- **PROBLEM STATEMENT**
Your copy should match the records below exactly, except for the pictures.

- **RECORDS SHOWN**

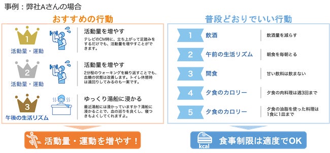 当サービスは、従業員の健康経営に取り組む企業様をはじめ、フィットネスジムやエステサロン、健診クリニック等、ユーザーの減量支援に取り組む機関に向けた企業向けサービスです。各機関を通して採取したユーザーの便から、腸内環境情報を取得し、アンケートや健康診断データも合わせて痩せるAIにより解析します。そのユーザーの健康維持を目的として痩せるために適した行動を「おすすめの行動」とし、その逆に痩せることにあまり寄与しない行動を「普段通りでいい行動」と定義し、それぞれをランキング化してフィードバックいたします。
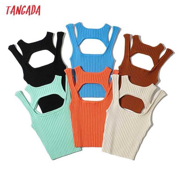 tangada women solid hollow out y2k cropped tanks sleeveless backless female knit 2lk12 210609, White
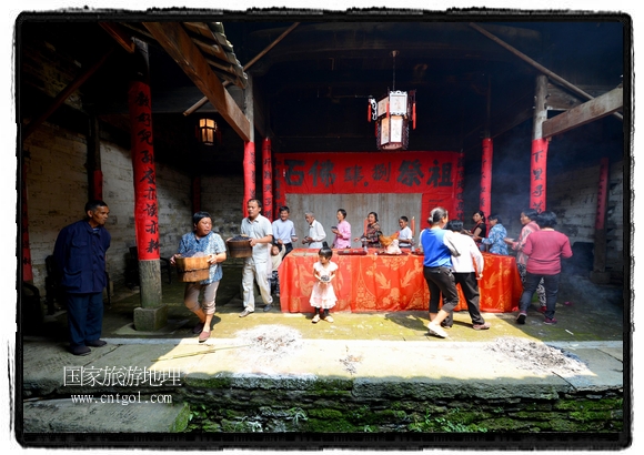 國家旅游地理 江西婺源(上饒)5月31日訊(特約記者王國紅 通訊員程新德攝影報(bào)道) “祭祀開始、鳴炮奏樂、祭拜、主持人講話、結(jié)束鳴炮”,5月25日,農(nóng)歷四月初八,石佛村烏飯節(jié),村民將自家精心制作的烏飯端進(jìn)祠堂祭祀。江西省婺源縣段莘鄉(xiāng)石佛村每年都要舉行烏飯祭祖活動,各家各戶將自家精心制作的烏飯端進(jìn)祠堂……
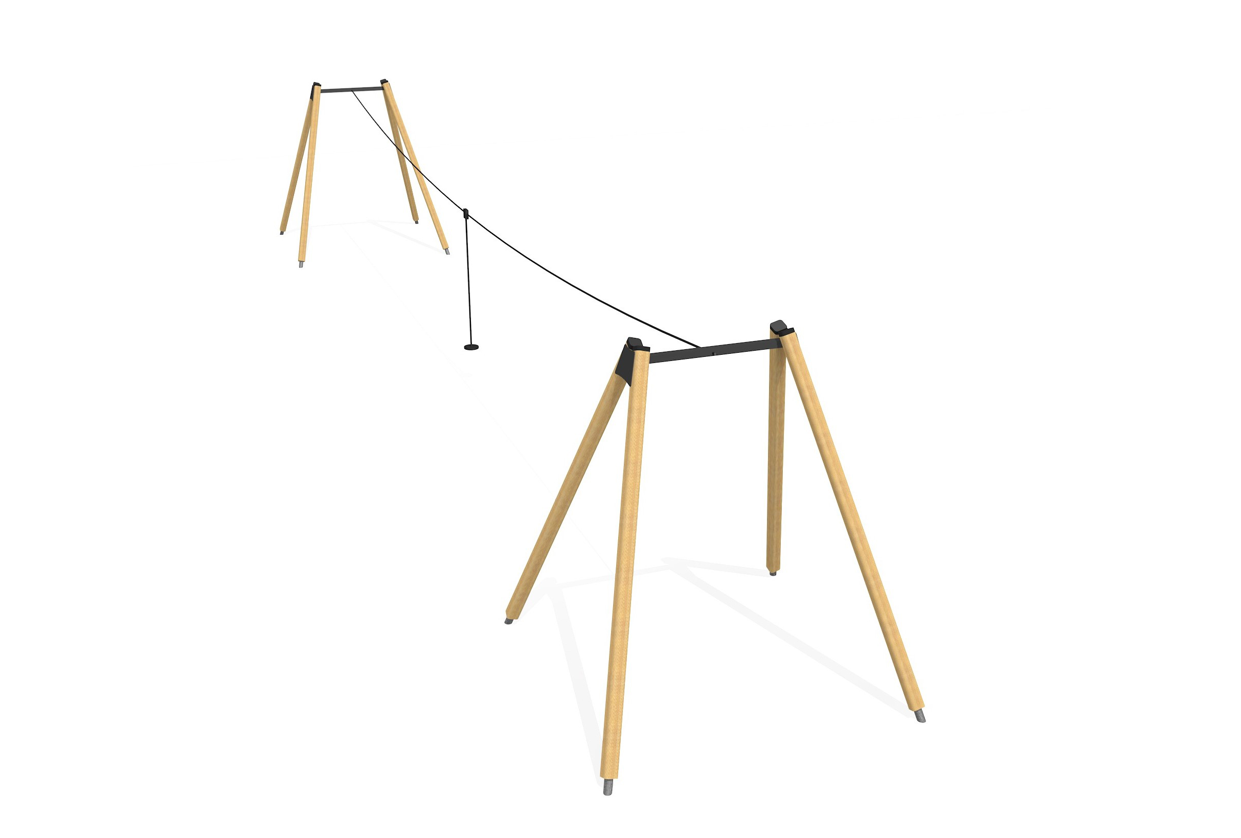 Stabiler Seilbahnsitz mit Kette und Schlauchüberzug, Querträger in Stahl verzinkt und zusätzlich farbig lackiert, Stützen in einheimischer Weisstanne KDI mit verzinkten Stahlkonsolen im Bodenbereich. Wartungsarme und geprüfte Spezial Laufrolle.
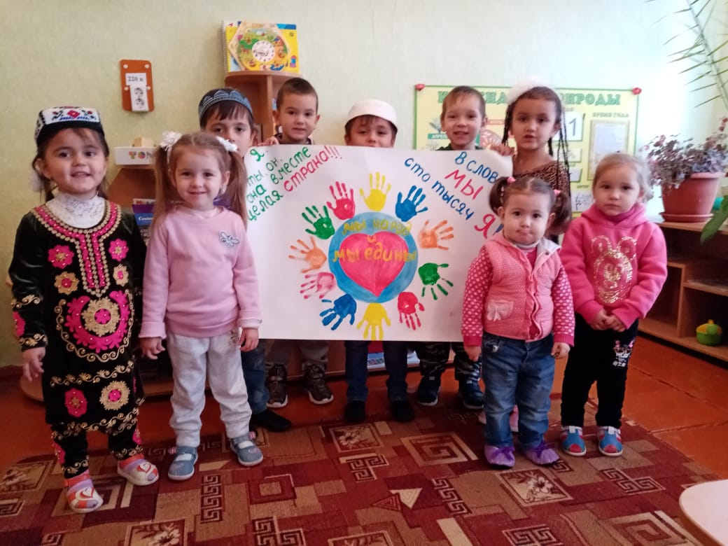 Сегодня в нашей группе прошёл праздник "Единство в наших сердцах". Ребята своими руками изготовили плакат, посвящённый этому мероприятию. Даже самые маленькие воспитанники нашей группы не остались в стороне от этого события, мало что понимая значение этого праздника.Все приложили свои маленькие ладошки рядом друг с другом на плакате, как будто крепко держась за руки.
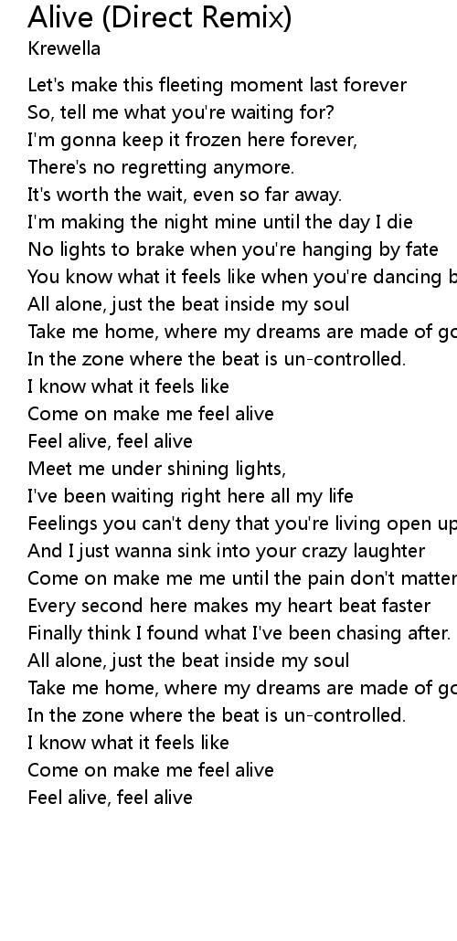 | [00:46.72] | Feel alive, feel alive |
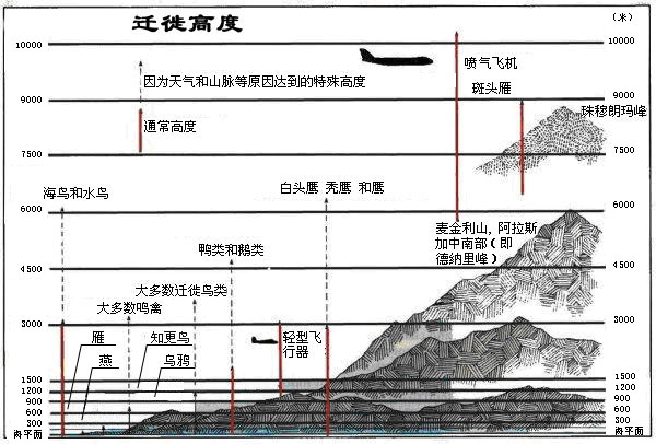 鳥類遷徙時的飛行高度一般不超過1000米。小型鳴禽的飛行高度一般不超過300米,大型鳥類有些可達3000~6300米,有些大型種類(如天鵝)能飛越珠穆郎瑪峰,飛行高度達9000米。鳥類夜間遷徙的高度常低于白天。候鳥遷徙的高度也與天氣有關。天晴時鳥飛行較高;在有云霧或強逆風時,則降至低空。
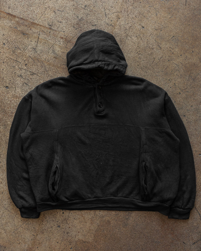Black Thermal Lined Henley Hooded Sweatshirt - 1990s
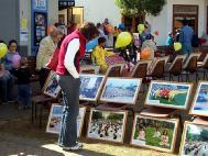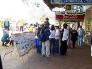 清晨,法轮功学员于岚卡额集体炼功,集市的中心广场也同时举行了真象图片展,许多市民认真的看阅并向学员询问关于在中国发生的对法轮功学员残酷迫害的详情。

- **RESPONSE TO THE EXERCISE**
 当サービスは、従業員の健康経営に取り組む企業様をはじめ、フィットネスジムやエステサロン、健診クリニック等、ユーザーの減量支援に取り組む機関に向けた企業向けサービスです。各機関を通して採取したユーザーの便から、腸内環境情報を取得し、アンケートや健康診断データも合わせて痩せるAIにより解析します。そのユーザーの健康維持を目的として痩せるために適した行動を「おすすめの行動」とし、その逆に痩せることにあまり寄与しない行動を「普段通りでいい行動」と定義し、それぞれをランキング化してフィードバックいたします。
 tangada women solid hollow out y2k cropped tanks sleeveless backless female knit 2lk12 210609, White
 國家旅游地理 江西婺源(上饒)5月31日訊(特約記者王國紅 通訊員程新德攝影報(bào)道) “祭祀開始、鳴炮奏樂、祭拜、主持人講話、結(jié)束鳴炮”,5月25日,農(nóng)歷四月初八,石佛村烏飯節(jié),村民將自家精心制作的烏飯端進(jìn)祠堂祭祀。江西省婺源縣段莘鄉(xiāng)石佛村每年都要舉行烏飯祭祖活動,各家各戶將自家精心制作的烏飯端進(jìn)祠堂……
 Stabiler Seilbahnsitz mit Kette und Schlauchüberzug, Querträger in Stahl verzinkt und zusätzlich farbig lackiert, Stützen in einheimischer Weisstanne KDI mit verzinkten Stahlkonsolen im Bodenbereich. Wartungsarme und geprüfte Spezial Laufrolle.
 Сегодня в нашей группе прошёл праздник "Единство в наших сердцах". Ребята своими руками изготовили плакат, посвящённый этому мероприятию. Даже самые маленькие воспитанники нашей группы не остались в стороне от этого события, мало что понимая значение этого праздника.Все приложили свои маленькие ладошки рядом друг с другом на плакате, как будто крепко держась за руки.
 | [00:46.72] | Feel alive, feel alive |
 鳥類遷徙時的飛行高度一般不超過1000米。小型鳴禽的飛行高度一般不超過300米,大型鳥類有些可達3000~6300米,有些大型種類(如天鵝)能飛越珠穆郎瑪峰,飛行高度達9000米。鳥類夜間遷徙的高度常低于白天。候鳥遷徙的高度也與天氣有關。天晴時鳥飛行較高;在有云霧或強逆風時,則降至低空。
Black Thermal Lined Henley Hooded Sweatshirt - 1990s
 清晨,法轮功学员于岚卡额集体炼功,集市的中心广场也同时举行了真象图片展,许多市民认真的看阅并向学员询问关于在中国发生的对法轮功学员残酷迫害的详情。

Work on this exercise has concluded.